Original Article
Copyright ©2013 Baishideng Publishing Group Co., Limited. All rights reserved.
World J Gastroenterol. Jan 14, 2013; 19(2): 219-226
Published online Jan 14, 2013. doi: 10.3748/wjg.v19.i2.219
Characterization of focal liver masses using acoustic radiation force impulse elastography
Hana Park, Jun Yong Park, Do Young Kim, Sang Hoon Ahn, Chae Yoon Chon, Kwang-Hyub Han, Seung Up Kim
Hana Park, Division of Gastroenterology, Department of Internal Medicine, CHA Bundang Medical Center, CHA University, Gyeonggi-do 463-712, South Korea
Jun Yong Park, Do Young Kim, Chae Yoon Chon, Seung Up Kim, Department of Internal Medicine, Yonsei University College of Medicine, Seoul 120-752, South Korea
Sang Hoon Ahn, Kwang-Hyub Han, Department of Internal Medicine, Yonsei University College of Medicine, Seoul 120-752, South Korea
Author contributions: Park H designed the study, analyzed the data, performed the study, and wrote the paper; Park JY, Kim DY, Ahn SH, Chon CY collected the data; Han KH, Kim SU designed the study, collected the data, performed the study and wrote the paper.
Supported by A Grant of the Korea Healthcare Technology R and D Project, Ministry of Health and Welfare, South Korea, A102065
Correspondence to: Seung Up Kim, MD, Department of Internal Medicine, Yonsei University College of Medicine, 134 Shinchon-dong, Seodaemun-gu, Seoul 120-752, South Korea. ksukorea@yuhs.ac
Telephone: +82-2-3936884 Fax: +82-2-22281982
Received: September 6, 2012
Revised: October 24, 2012
Accepted: November 14, 2012
Published online: January 14, 2013
Abstract

AIM: To investigate the diagnostic performance of acoustic radiation force impulse (ARFI) elastography for characterizing focal liver mass by quantifying their stiffness.
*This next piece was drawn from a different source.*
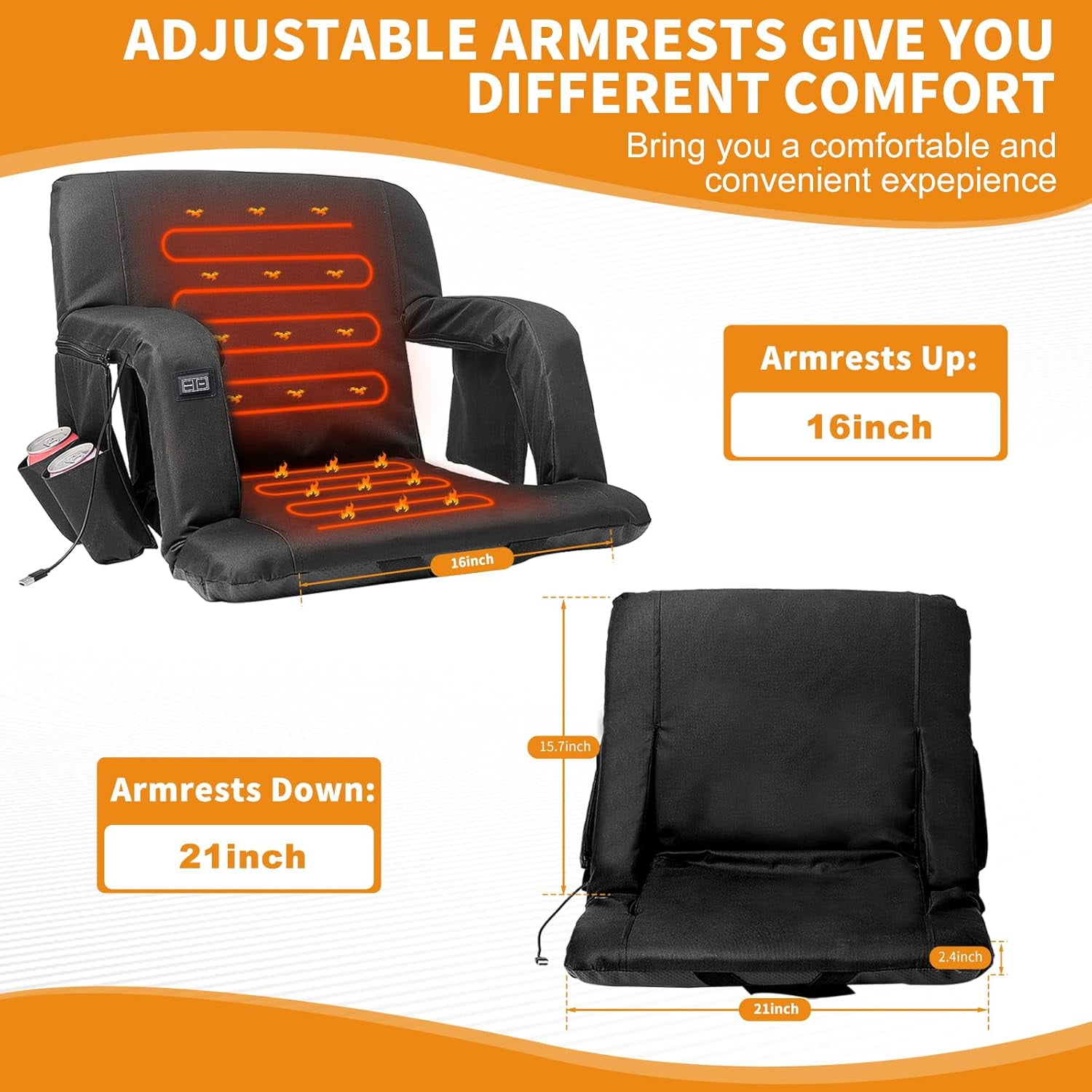 FICISOG portable heated stadium seat with heated back and bottom can provide the ultimate warmth and comfort for your body in cold weather. The heated stadium chair has 6 reclining options, so you can choose the most comfortable position to enjoy your happy time. Armrests can be adjusted to increase the width of the seat. The heated stadium seat for bleachers has 2 side pockets and 2 cup holders that you can conveniently store your personal items. Stadium seats are designed with shoulder straps. With the shoulder straps, you can easily carry it to stadiums, camping, parks, beaches and anywhere you want to go. There are two bleacher straps on the bottom of the seat to secure the seat well. The heated stadium chair is easy to carry and store. Great for sporting events, outings, camping, travel, garden parties, hiking, picnics, barbecues, backyards, beaches, fishing, and more.

METHODS: This prospective study included 62 patients with a focal liver mass that was well visualized on conventional ultrasonography performed in our institution from February 2011 to November 2011. Among them, 12 patients were excluded for ARFI measurement failure due to a lesion that was smaller than the region of the interest and at an inaccessible location (deeper than 8 cm) (n = 7) or poor compliance to hold their breath as required (n = 5). Finally, 50 patients with valid ARFI measurements were enrolled. If a patient had multiple liver masses, only one mass of interest was chosen. The masses were diagnosed by histological examination or clinical diagnostic criteria. During ultrasonographic evaluation, stiffness, expressed as velocity, was checked 10 times per focal liver mass and the surrounding liver parenchyma.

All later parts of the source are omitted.